Cross-Domain Patterns
Several principles appear in questions across multiple domains:
| Principle | Domains where tested |
|---|---|
| Deterministic over probabilistic | All 5 |
| Optimize before scaling | 1, 3, 4 |
| Machine IDs over natural language | 2, 4 |
| Paginate all results | 1, 2 |
| Structured error responses | 1, 2, 5 |
| Scope tools dynamically | 1, 2, 4 |
| Validate on resume | 1, 5 |
How to Use This for Study
- Identify your weak domains — if the patterns in a domain feel unfamiliar, that domain needs more study time
- Practice the tradeoff format — the exam does not ask “what is X.” It asks “given constraints A, B, and C, which approach is best.” For each pattern above, think about when it would be the wrong choice
- Build mental models for each principle — when you see “deterministic over probabilistic” in a question, you should immediately know: schemas, enums, backend validation > prompt instructions, retries
- Work the actual practice questions — this summary tells you what to expect, but the repo has full scenario contexts with detailed explanations of why each answer is correct and why alternatives are weaker
Key Takeaways
- The exam heavily favors deterministic/structural solutions — if a question offers both a schema-based and a prompt-based approach, the schema wins
- Cost-aware architecture is a recurring theme: know when Batch API vs. real-time is appropriate, and how to calculate chain reliability
- Tool design questions almost always resolve to: use machine IDs, split lookup from action, paginate results, validate with schema
- “Optimize before scaling” is perhaps the single most-tested principle — it appears in at least 3 domains
- Session management questions test whether you validate external state on resume — never assume continuity
- The community repo is a strong supplement to official Anthropic Academy courses, but the actual exam may test patterns not covered here
Try It
- Clone the repo —
git clone https://github.com/avidevelops/claude-architect-exam-prep.gitand work through every question - Score yourself by domain — track which domains you get right and which you miss, then focus study on your weakest areas
- For each wrong answer, understand why — the detailed explanations are the most valuable part; do not just check correct/incorrect
- Create your own scenarios — take a real system you have built and write exam-style questions about its architecture.
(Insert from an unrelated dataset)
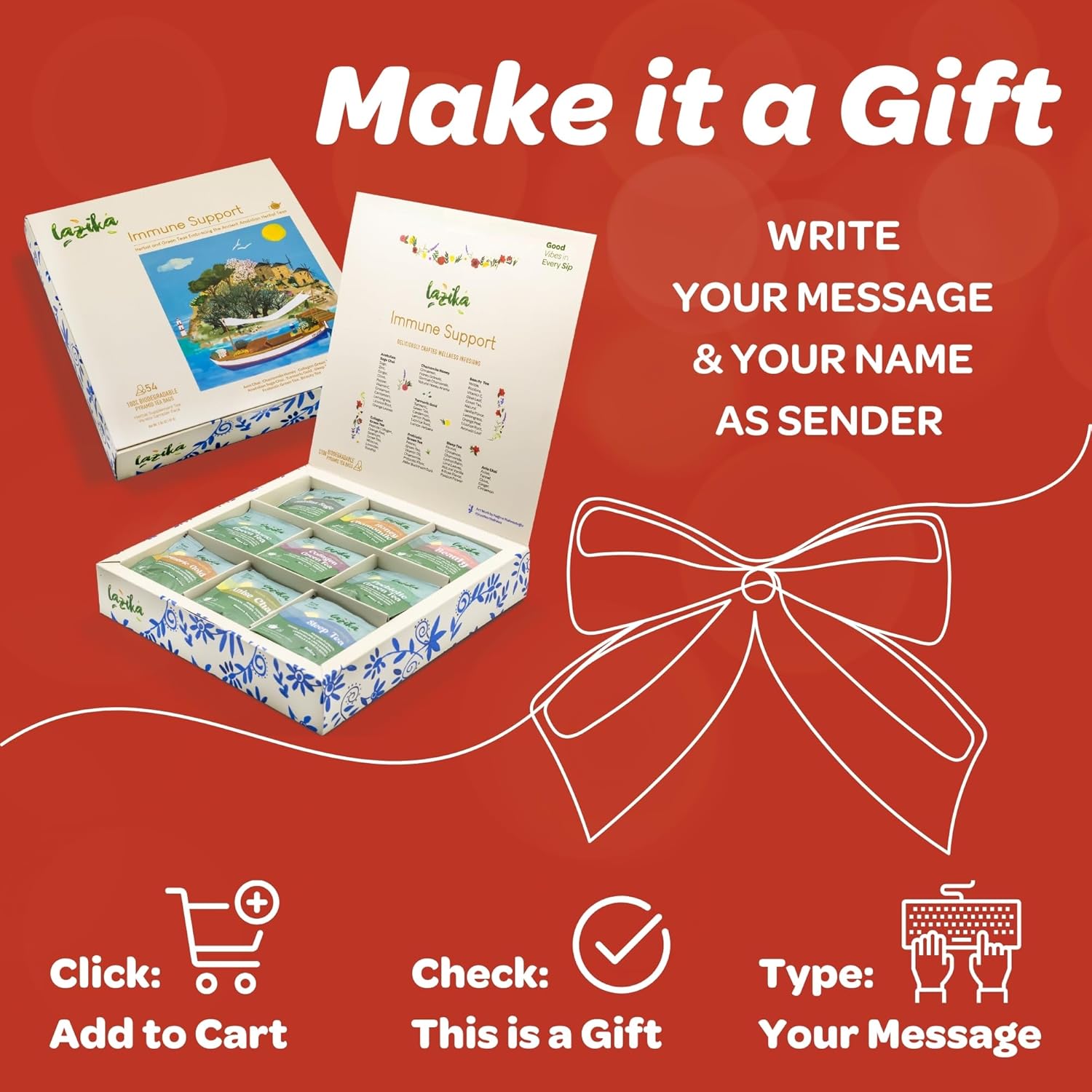 Lazika Herbal Tea Variety Pack with Lovely Presentation Box, 54 Counts, Immune Support Tea Assortment Gift Set, Premium Collection with Pyramid Infuser Bag, Handcrafted

This forces you to think about tradeoffs from the examiner’s perspective
- Revisit after studying — work through the questions once before studying, once after. Track improvement
Related
- CCA-F Practice Exam (60 Questions) — 60 additional practice questions from a separate study guide
- CCA-F Technical Reference — deep technical content tested by these questions
- Claude Certified Architect — Foundations (CCA-F)
- CCA-F Study Guide
- Claude Code Subagents
- Essential MCP Servers for 2026
- Skill Design Patterns
- Skills vs MCP vs Plugins
- Claude Agent Hierarchy
Open Questions
- How frequently is the community repo updated — does it track exam changes?
- Are there other community practice question sets beyond this repo?
- How representative are these questions of actual exam difficulty — are real questions harder, easier, or comparable?
- Does Anthropic plan to release official practice questions or a sample exam?